Or in ~/.claude/settings.json:

{
  "env": {
    "ANTHROPIC_BASE_URL": "https://pass.wafer.ai",
    "ANTHROPIC_API_KEY": "YOUR_WAFER_API_KEY",
    "ANTHROPIC_DEFAULT_OPUS_MODEL": "GLM-5.1",
    "ANTHROPIC_DEFAULT_SONNET_MODEL": "GLM-5.1",
    "ANTHROPIC_DEFAULT_HAIKU_MODEL": "GLM-5.1",
    "CLAUDE_CODE_SUBAGENT_MODEL": "GLM-5.1"
  }
}

These env vars follow the same pattern as OpenRouter’s Claude Code integration. They override the model Claude Code sends for opus, sonnet, haiku, and subagent calls.

Start Claude Code

claude

Claude Code now routes requests through the Wafer endpoint.

Set Up Conductor

Conductor runs a team of parallel Claude Code agents in isolated Git worktrees on macOS. Because Conductor uses Claude Code under the hood, it picks up Wafer the same way Claude Code does — pin the model to any Wafer Pass ID from Models.

Install Conductor

Download the macOS app from conductor.build and launch it.

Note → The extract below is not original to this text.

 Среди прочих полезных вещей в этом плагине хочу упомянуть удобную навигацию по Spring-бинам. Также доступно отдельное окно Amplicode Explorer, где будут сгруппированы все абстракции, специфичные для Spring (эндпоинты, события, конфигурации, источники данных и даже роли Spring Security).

Configure Wafer as the endpoint

In Conductor’s Settings → Environment (or your shell profile, e.g. ~/.zshrc), set:

export ANTHROPIC_BASE_URL=https://pass.wafer.ai
export ANTHROPIC_API_KEY=YOUR_WAFER_API_KEY

Replace YOUR_WAFER_API_KEY with your Wafer Pass API key.

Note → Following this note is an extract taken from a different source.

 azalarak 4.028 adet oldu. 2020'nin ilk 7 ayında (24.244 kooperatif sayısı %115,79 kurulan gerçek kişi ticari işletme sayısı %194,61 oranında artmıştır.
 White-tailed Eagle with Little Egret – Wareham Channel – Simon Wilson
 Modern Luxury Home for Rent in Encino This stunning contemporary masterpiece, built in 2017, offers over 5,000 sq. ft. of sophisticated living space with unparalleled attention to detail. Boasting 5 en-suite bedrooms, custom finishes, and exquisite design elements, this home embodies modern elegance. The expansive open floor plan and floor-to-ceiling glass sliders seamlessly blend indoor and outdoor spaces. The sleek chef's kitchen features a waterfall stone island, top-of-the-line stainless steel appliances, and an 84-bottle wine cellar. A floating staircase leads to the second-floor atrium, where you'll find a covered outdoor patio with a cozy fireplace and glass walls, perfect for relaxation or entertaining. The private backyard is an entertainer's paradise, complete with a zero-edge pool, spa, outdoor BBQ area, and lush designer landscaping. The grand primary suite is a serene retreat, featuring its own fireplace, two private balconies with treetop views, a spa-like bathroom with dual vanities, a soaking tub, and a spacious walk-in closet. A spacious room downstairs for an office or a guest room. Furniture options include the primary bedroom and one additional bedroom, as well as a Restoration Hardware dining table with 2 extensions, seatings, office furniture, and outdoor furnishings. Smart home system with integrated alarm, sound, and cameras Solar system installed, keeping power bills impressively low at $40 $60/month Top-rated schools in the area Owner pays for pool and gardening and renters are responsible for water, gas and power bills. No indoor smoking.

Do not share your API key or commit it to version control.

Pin a Wafer model

Conductor spawns Claude Code, which sends Anthropic model strings by default — those don’t match a Wafer model. Pin Claude Code (and therefore Conductor) to a Wafer model with these env vars in the same Environment section:For Qwen3.5-397B-A17B:

export ANTHROPIC_DEFAULT_OPUS_MODEL="Qwen3.5-397B-A17B"
export ANTHROPIC_DEFAULT_SONNET_MODEL="Qwen3.5-397B-A17B"
export ANTHROPIC_DEFAULT_HAIKU_MODEL="Qwen3.5-397B-A17B"
export CLAUDE_CODE_SUBAGENT_MODEL="Qwen3.5-397B-A17B"

For GLM-5.1:

export ANTHROPIC_DEFAULT_OPUS_MODEL="GLM-5.1"
export ANTHROPIC_DEFAULT_SONNET_MODEL="GLM-5.1"
export ANTHROPIC_DEFAULT_HAIKU_MODEL="GLM-5.1"
export CLAUDE_CODE_SUBAGENT_MODEL="GLM-5.1"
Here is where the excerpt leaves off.